Keri Jowers posted on Tuesday, April 20, 2010 - 7:19 pm
Iím getting ready to do an LTA with 2 time points using a multiply imputed dataset based on 10 smaller datasets. Iíve done LCA, but not LTA, and this is my first time working with MI data.
My understanding is that the steps should be as follows: (1) Fit time 1 LCA using the MI data (with Type=Imputation). (2) Fit time 2 LCA using the MI data. (3) Using the thresholds for the best fitting model for the time 1 LCA as start values, run the LCA on one of the smaller component datasets. Do the same for time 2 with the same smaller dataset. (4) Perform the LTA using the smaller dataset used for the LCAs.
Is that right? If so, when I do step 3, I get different class proportions from the MI and smaller datasets, meaning that the conditional probabilities for individuals are different in the 2 models. How do I resolve that?
Thanks so much for your help!
Keri Jowers posted on Tuesday, April 20, 2010 - 7:26 pm
A clarification on my question: The class proportions are different at the same time point when I use the MI and smaller dataset.

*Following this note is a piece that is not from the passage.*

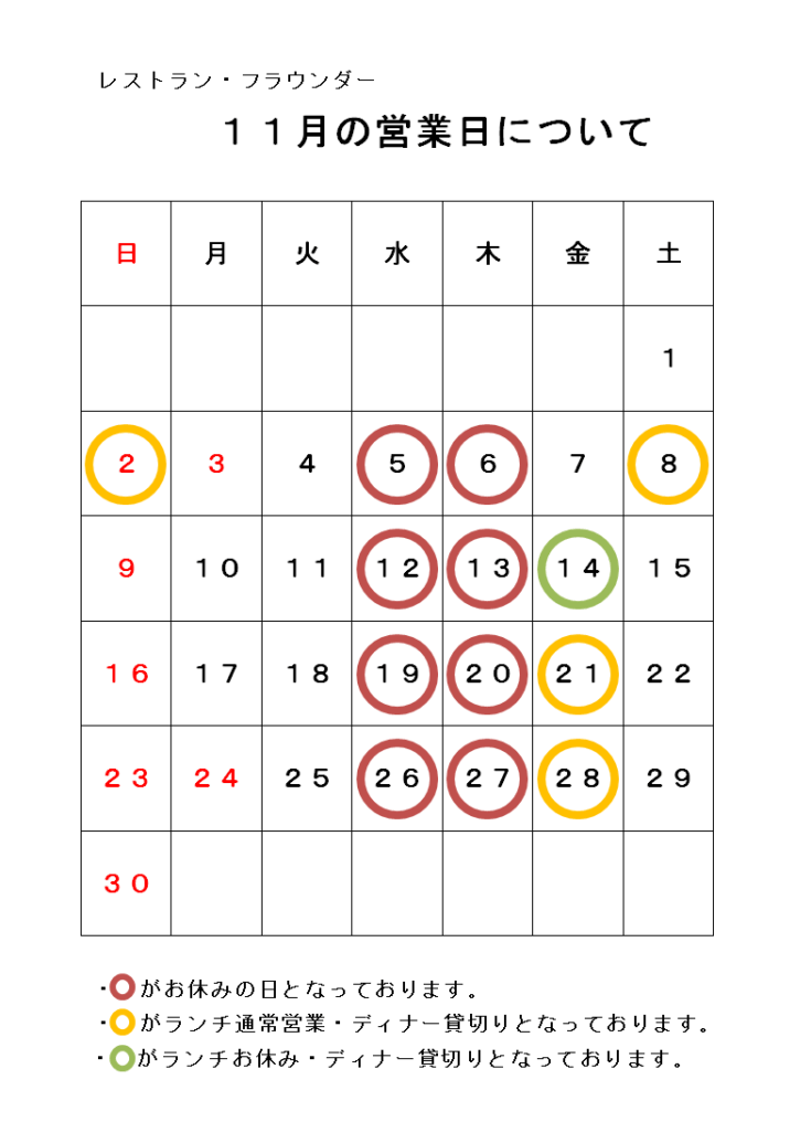 11月の店休日は、5日(水)、6日(木)、12日(水)、13日(木)、19日(水)、20日(木)、26日(水)、27日(木)となっております。
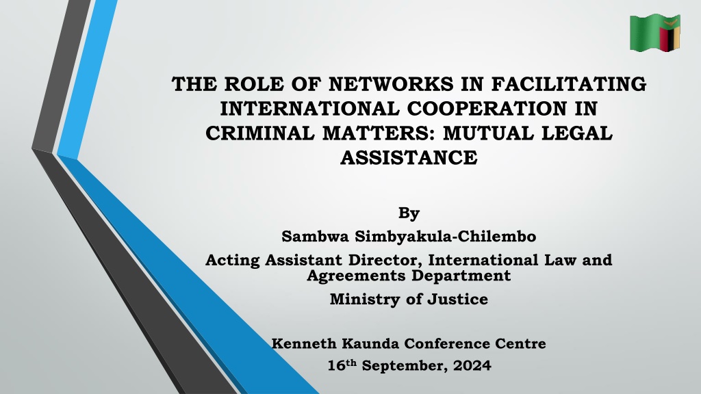 THE ROLE OF NETWORKS IN FACILITATING INTERNATIONAL COOPERATION IN CRIMINAL MATTERS: MUTUAL LEGAL ASSISTANCE By Sambwa Simbyakula-Chilembo Acting Assistant Director, International Law and Agreements Department Ministry of Justice Kenneth Kaunda Conference Centre 16thSeptember, 2024

What do you mean by a multiply imputed dataset based on 10 smaller datasets?
Keri Jowers posted on Wednesday, April 21, 2010 - 9:24 am
Excellent question. This is data I inherited, so my explanation may be a little fuzzy, but it looks like it's actually 10 MI datasets that have been stacked (using Stata). So, the guidance I got was to run the LCA on the stacked data to get start values, then to run the LCA on one of the MI datasets to get cprobs. I suppose I'm unclear as to why, when I do that, I get different class proportions. And then, when I start the LTA, do I use the stacked data or one of the MI datasets? Thanks so much for your patience -- I'm in unfamiliar territory.
It seems like that would work. It makes me suspicious of the data that it does not. You could divide the data set into the ten data sets and do multiple imputation using TYPE=IMPUTATION. You would not get cprobs though. You could run separately for each data set and average the cprobs although I'm not sure if that is correct for imputation.
Keri Jowers posted on Wednesday, April 21, 2010 - 10:41 am
Thanks for your thoughts! It's encouraging that you're suspicious, too. I'll see what I can find out from the source of my data. Are the cprobs something I'll need for the LTA?
Keri Jowers posted on Wednesday, April 21, 2010 - 10:42 am
Sorry -- one more question. Is there any reason you can think of that I couldn't just use the stacked data for all of the analyses rather than trying to duplicate class proportions in one of the MI datasets?
A continuation of the issues above. I decided to increase the number of starts on the stacked data to make sure that I was avoiding local maxima. The 4-class model continues to be the best fit. The problem is that when I use the resulting thresholds to set the parameters in any one of the MI datasets, I get: "ONE OR MORE MULTINOMIAL LOGIT PARAMETERS WERE FIXED TO AVOID SINGULARITY OF THE INFORMATION MATRIX. THE SINGULARITY IS MOST LIKELY BECAUSE THE MODEL IS NOT IDENTIFIED, OR BECAUSE OF EMPTY CELLS IN THE JOINT DISTRIBUTION OF THE CATEGORICAL LATENT VARIABLES AND ANY INDEPENDENT VARIABLES. THE FOLLOWING PARAMETERS WERE FIXED: 2 3", with 2 and 3 being alphas. What's confusing to me is that I'm not including any covariates (the model includes 6 latent class indicators), which is the only other time I've seen this warning.
Even though the class proportions reported in the results from the un-stacked MI dataset show 2 empty classes, the output still provides the proportion of individuals in each of the 4 user-defined classes that endorse "0" or "1" responses for each of the 6 latent class indicators. These proportions replicate over the 10 MI datasets. I'm wondering if these are usable proportions for tables/graphs, and I'm wondering if I need to somehow modify my model to make it identifiable, even though it's identified in the stacked data.